Fig. 1b shows a flow diagram 100 of the method for determining the head-related transfer functions (HRTFs) optimized for a listening room. The method 100 includes the central step 110 of determining the head-related transfer functions (HRTFs) optimized for a listening room. As explained above, step 110 is based on the analysis of the room acoustics 120 (see step 120 "Analyze room acoustics") and optionally also on existing HRTF functions. Starting from step 110, another optional step, namely the storage of the transfer functions TF, can follow. This step is labeled with reference numeral 130.
According to further exemplary embodiments, it would also be conceivable in the embodiments explained with reference to FIGS. 1a and 1b that, at the same time as determining the hearing room-optimized transfer functions TF, a determination of the position of the listening room is carried out, so that the resulting dataset regarding the position can directly be assigned to the respective listening room. This offers the advantage that, when retrieving the hearing room-optimized transfer functions TF from a database at a later time, it is possible to assign each dataset based on a position determination.
Hereinafter, the use of the previously determined hearing room-optimized transfer functions TF is explained with reference to Fig. 2a and 2b.
Fig. 2a shows a device for spatial reproduction 20 using a binaural near-field sound transducer 22. The functionality of the device 20 is explained, among other things, with the aid of the flowchart in Fig. 2b, which illustrates the method 200 of reproduction. The device 20 is designed to reproduce the audio signal 24, such as a multi-channel stereo audio signal (or an object-based audio signal or an audio signal based on a wave field synthesis algorithm (WFS)), and to simultaneously emulate ambience sound (see step 210). For this purpose, the playback device 20 performs processing of the audio signal using HRTFs and using the room-optimized transfer functions TF.

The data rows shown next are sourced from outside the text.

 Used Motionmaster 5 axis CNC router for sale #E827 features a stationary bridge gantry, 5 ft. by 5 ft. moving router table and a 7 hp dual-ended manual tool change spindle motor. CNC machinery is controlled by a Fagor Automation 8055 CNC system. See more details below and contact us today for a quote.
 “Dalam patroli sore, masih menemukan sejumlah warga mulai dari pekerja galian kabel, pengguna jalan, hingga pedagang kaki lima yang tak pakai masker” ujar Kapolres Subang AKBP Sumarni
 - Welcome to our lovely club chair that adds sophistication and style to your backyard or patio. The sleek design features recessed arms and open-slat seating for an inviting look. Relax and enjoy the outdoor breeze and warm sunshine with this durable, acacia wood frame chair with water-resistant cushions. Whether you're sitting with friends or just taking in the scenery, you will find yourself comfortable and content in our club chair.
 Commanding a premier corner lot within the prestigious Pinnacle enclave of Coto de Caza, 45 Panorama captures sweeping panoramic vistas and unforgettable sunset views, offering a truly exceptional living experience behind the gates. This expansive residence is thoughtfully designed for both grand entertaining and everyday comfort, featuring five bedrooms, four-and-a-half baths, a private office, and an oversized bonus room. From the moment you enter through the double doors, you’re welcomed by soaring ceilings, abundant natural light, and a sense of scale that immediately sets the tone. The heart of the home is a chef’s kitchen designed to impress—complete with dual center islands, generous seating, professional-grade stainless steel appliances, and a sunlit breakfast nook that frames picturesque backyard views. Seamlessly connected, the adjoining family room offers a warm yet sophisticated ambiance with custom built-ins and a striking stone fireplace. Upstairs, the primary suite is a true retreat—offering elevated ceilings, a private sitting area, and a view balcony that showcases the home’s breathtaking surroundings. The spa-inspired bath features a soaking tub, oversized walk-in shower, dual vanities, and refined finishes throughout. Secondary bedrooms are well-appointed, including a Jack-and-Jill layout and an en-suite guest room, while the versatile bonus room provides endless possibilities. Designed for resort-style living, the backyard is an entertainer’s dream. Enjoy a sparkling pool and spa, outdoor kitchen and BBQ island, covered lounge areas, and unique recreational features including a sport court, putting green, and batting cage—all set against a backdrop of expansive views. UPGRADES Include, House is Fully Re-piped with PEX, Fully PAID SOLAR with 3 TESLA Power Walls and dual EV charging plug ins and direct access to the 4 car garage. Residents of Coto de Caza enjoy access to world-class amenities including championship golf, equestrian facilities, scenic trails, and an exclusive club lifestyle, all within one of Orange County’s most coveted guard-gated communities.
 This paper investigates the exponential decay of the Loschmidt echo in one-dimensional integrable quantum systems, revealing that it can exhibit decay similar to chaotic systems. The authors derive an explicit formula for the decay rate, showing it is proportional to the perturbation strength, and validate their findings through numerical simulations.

The device 20 may include an HRTF/TF memory or be connected, for example, to a database where the HRTFs and the corresponding room-optimized transfer functions TF determined by the above methods are stored. According to preferred embodiments, prior to processing the audio signal, the HRTF is combined (see step 220) with the TF or adapted based on the TF. The result of this combination is a transfer function BRIR' comparable to the BRIR (room impulse response), which is then finally applied to the audio signal 24 to simulate the spatial sound (see step 210). This processing essentially corresponds to applying a BRIR'-based filter to the audio signal. Thus, it is possible to perform binaural synthesis in combination with the reverberation of the audio signals depending on the acoustic conditions prevailing in the listening room, so that during playback there is a high degree of similarity between the synthesized room and the listening room. Consequently, the synthesized room (at least approximately) matches the user's expectations, thereby increasing the plausibility of the scene.

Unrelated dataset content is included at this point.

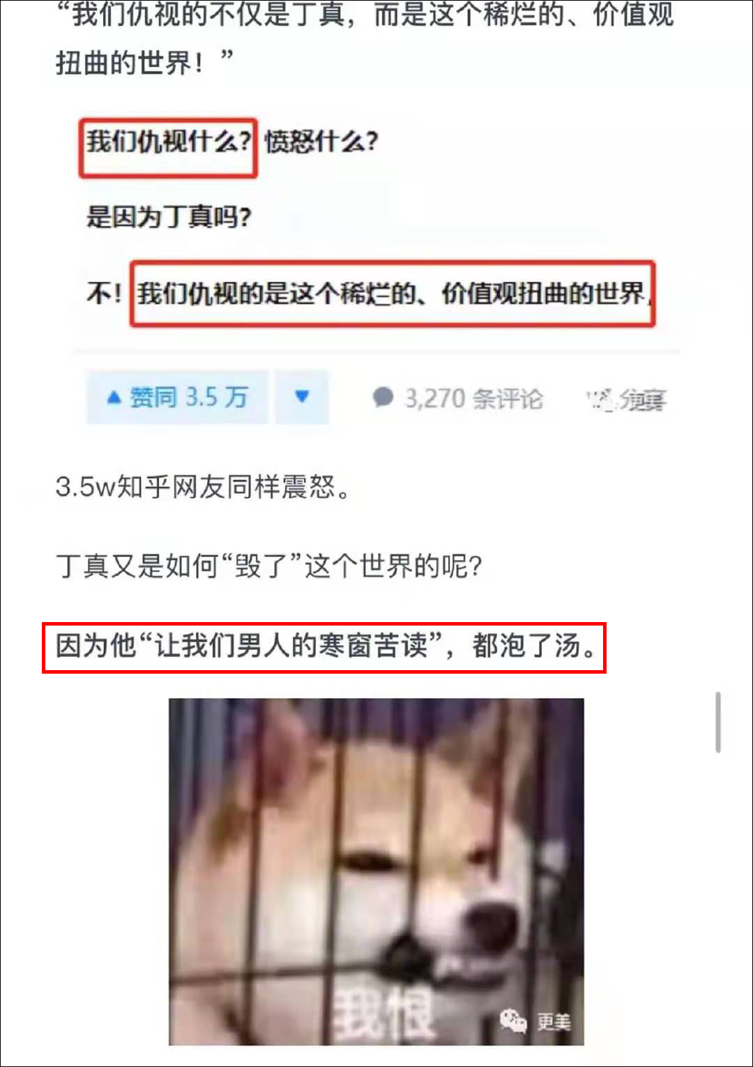 網上部分男性對於丁真的走紅十分不滿甚至仇視,稱“十年寒窗苦讀不如一張投胎臉”,“我們仇視的不僅是丁真,而是這個稀爛的、價值觀扭曲的世界。”

According to embodiments, the device 20 may also include a position-determining unit, such as a GPS receiver, by means of which the current position of the listener can be determined. Based on the determined position, the listening room can now be identified, and the room-optimized transmission functions TF assigned to the listening room can be loaded (and optionally updated when changing rooms). Optionally, it is also possible, using this position-determining unit, to determine the position of the listener within the listening room, in order to also display differences in acoustics depending on the listener's position within the room, if stored. According to third embodiments, this position-determining unit can also be extended by an orientation-determining unit, so that the direction of gaze of the listener can also be determined, and the TFs can be loaded accordingly depending on the determined direction of gaze, in order to account for direction-dependent listening room acoustics.
Starting from this basic consideration of the two units 10 and 20, an extended embodiment example of Fig. 3 is now explained. Fig. 3 shows a schematic representation of the signal flow when listening to adapted room acoustic simulations for use with binaural synthesis, based on a system 10 + 20, which includes the device for determining the TFs and the device for reproducing audio signals using the TFs.
Such a system 10 + 20 can, for example, be implemented as a mobile device (e.g., a smartphone), on which the file to be played back is also stored. The system 10 + 20 is essentially a combination of the device 10 from Fig. 1a and the device 20 from Fig. 1b, where the individual components are divided differently for functional explanation.
The system 10 + 20 includes a functional unit for the auralization of the listening room 20a and a functional unit for binaural synthesis 20b. Furthermore, the system 10 + 20 comprises a function block 10a for modeling the room acoustics and a function block 10b for modeling the transmission behavior. The modeling of the room acoustics is based on an acquisition of the listening room, which is performed by the function block 10c for acquiring the room acoustics. Moreover, the system 10 + 20, in the illustrated embodiment, includes two memories, namely one for storing scene position data 30a and one for storing HRTF data 30b. Subsequently, the functionality of the system 10 + 20 will be explained starting from the information flow during playback, assuming that the listening room is known to the system 10 + 20 or has already been determined using a positioning method (see above).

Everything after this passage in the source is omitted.